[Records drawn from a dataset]

+ + + + + + +

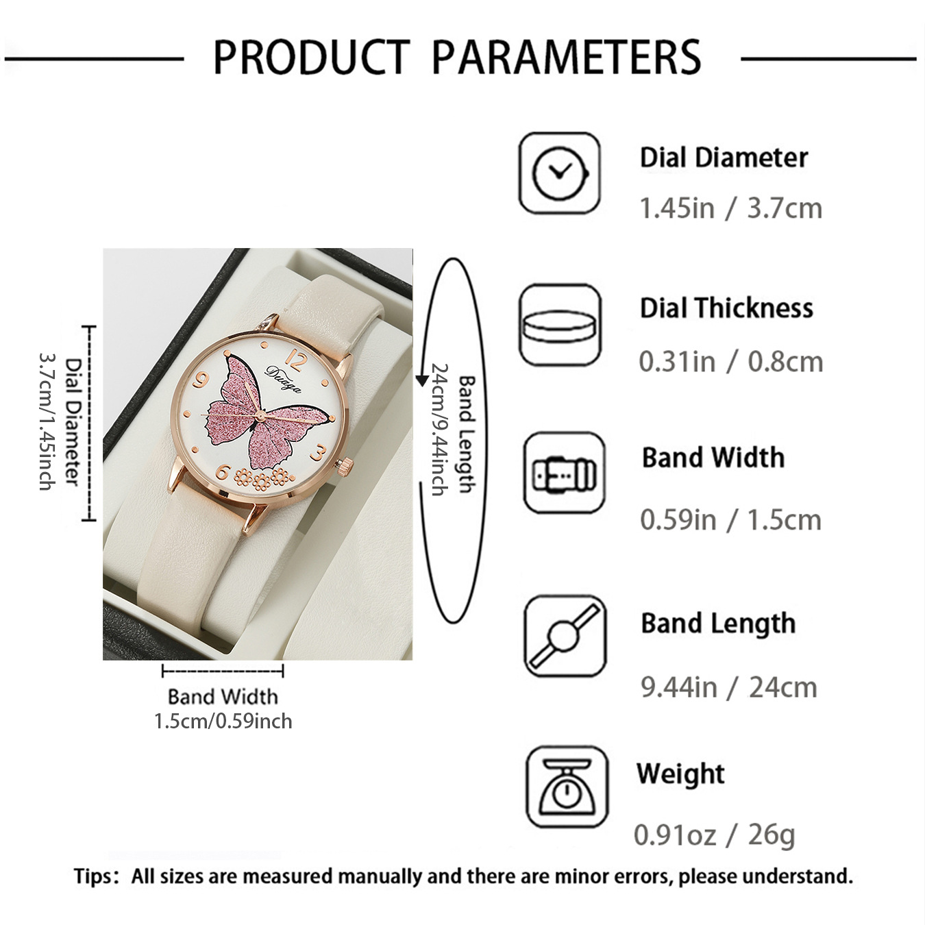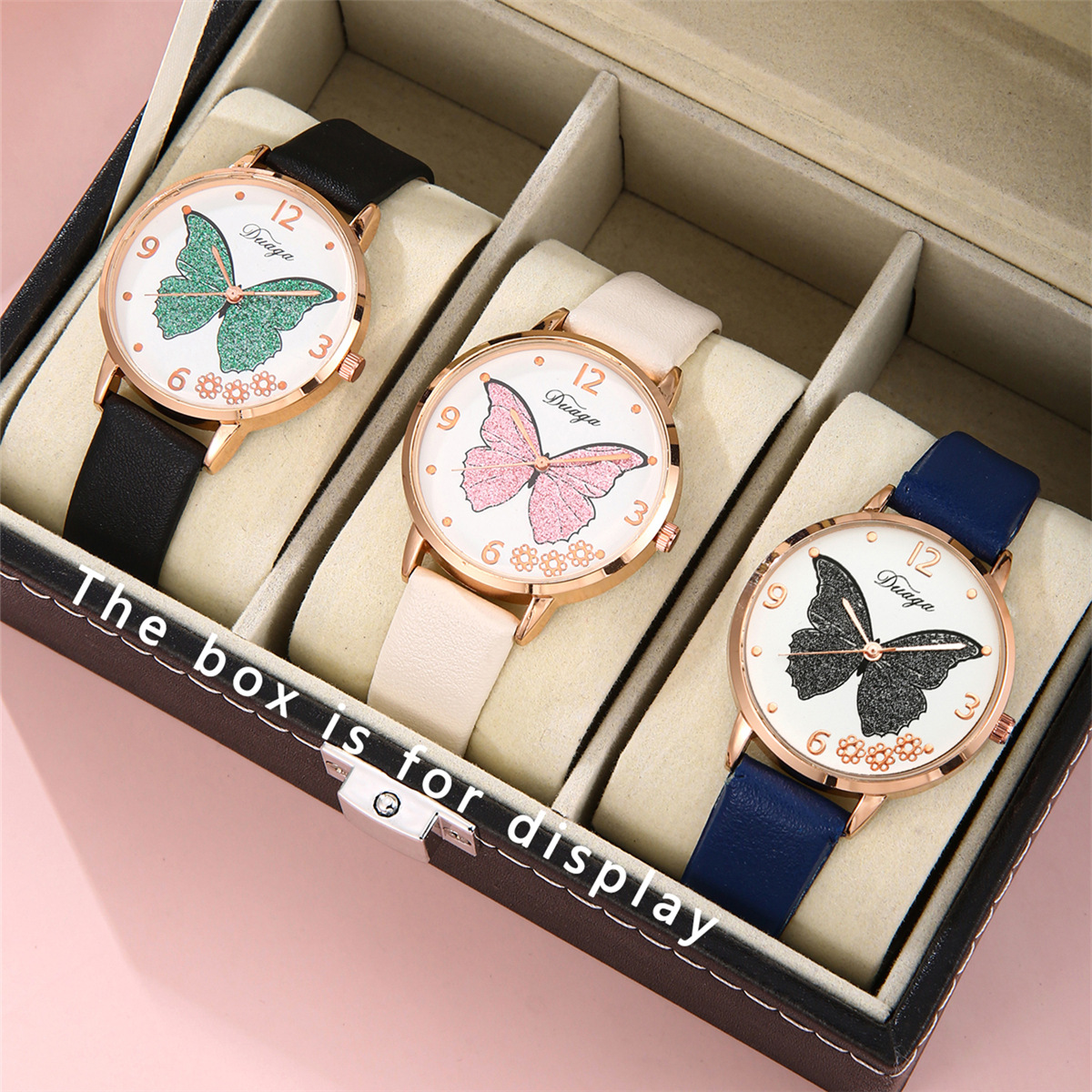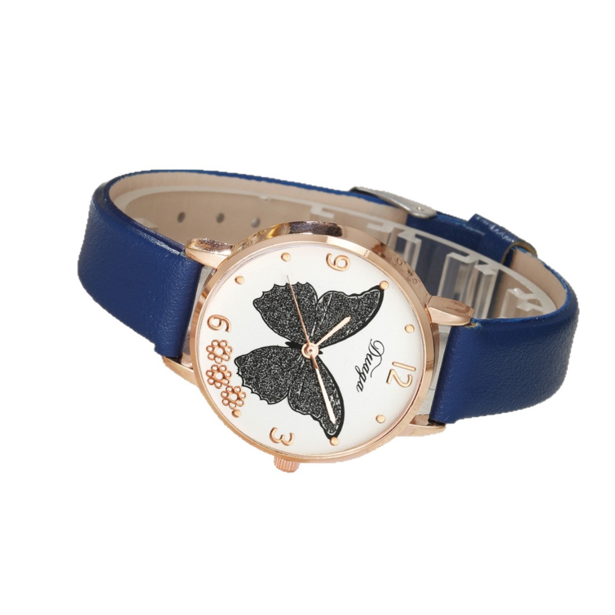 Bracelets de montre pour femmes, alliage de zinc, avec cuir PU & verre, mouvement chinoise, Plat rond, Placage de couleur d'or, avec motif de papillon, plus de couleurs à choisir, protéger l'environnement, sans nickel, plomb et cadmium, 40mm Environ 9 pouce, Vendu par PC
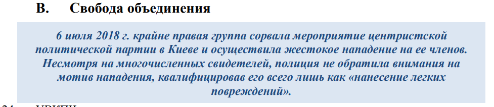 В документе говорится, что в период с января 2018 года по январь 2019 года на Украине сложилась тенденция "жестоких нападений и актов запугивания" в отношении журналистов и гражданских активистов.
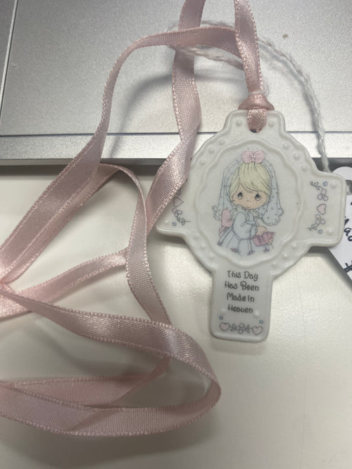 Scented wooden bead rosary with Jerusalem centerpiece and silver-toned chain and crucifix. Rosary is in a plastic round box with Jerusalem art on the front and a prayer on the back. Vintage
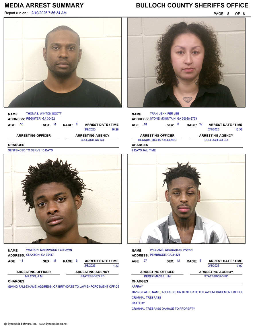 These records are matters of public information provided by the Bulloch County Sheriff’s Office. Booking reports are details of arrests only. All persons below are considered to be innocent unless proven otherwise in a court of law.
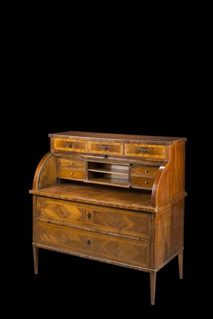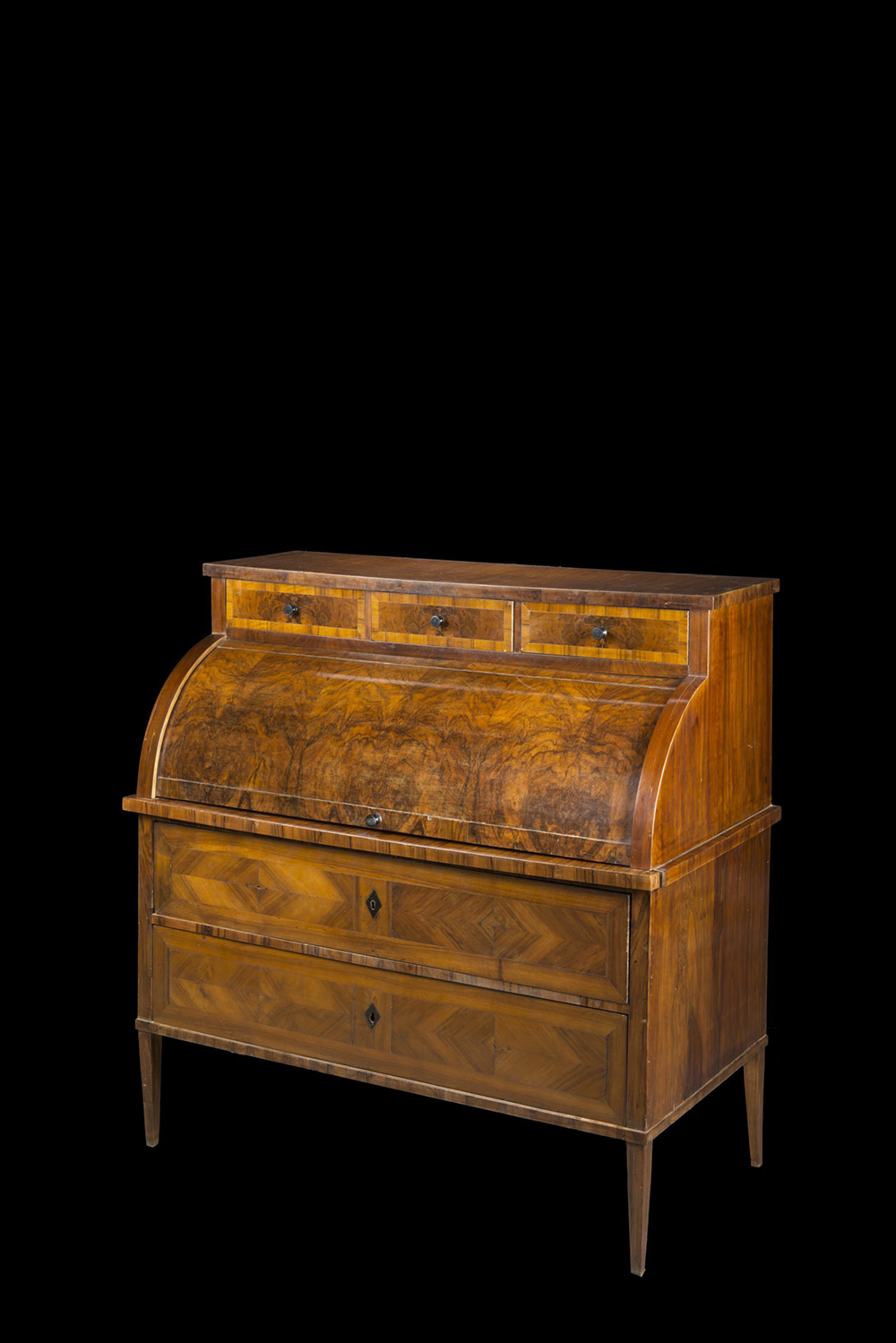 Ribalta a rullo con alzata in noce e radica di noce. Due cassetti nella parte inferiore, piano scrittoio estraibile, cassettini e vani nella calatoia, tre cassetti nella parte superiore. Quattro gambe rastremate. Inizio sec. XIX (cm 130x132x68,5) (difetti)

+ + + + + + +

* Exercise directions
An exact transcription of the records above is needed, with no pictures included.

* Written response
 Bracelets de montre pour femmes, alliage de zinc, avec cuir PU & verre, mouvement chinoise, Plat rond, Placage de couleur d'or, avec motif de papillon, plus de couleurs à choisir, protéger l'environnement, sans nickel, plomb et cadmium, 40mm Environ 9 pouce, Vendu par PC
 В документе говорится, что в период с января 2018 года по январь 2019 года на Украине сложилась тенденция "жестоких нападений и актов запугивания" в отношении журналистов и гражданских активистов.
 Scented wooden bead rosary with Jerusalem centerpiece and silver-toned chain and crucifix. Rosary is in a plastic round box with Jerusalem art on the front and a prayer on the back. Vintage
 These records are matters of public information provided by the Bulloch County Sheriff’s Office. Booking reports are details of arrests only. All persons below are considered to be innocent unless proven otherwise in a court of law.
 Ribalta a rullo con alzata in noce e radica di noce. Due cassetti nella parte inferiore, piano scrittoio estraibile, cassettini e vani nella calatoia, tre cassetti nella parte superiore. Quattro gambe rastremate. Inizio sec. XIX (cm 130x132x68,5) (difetti)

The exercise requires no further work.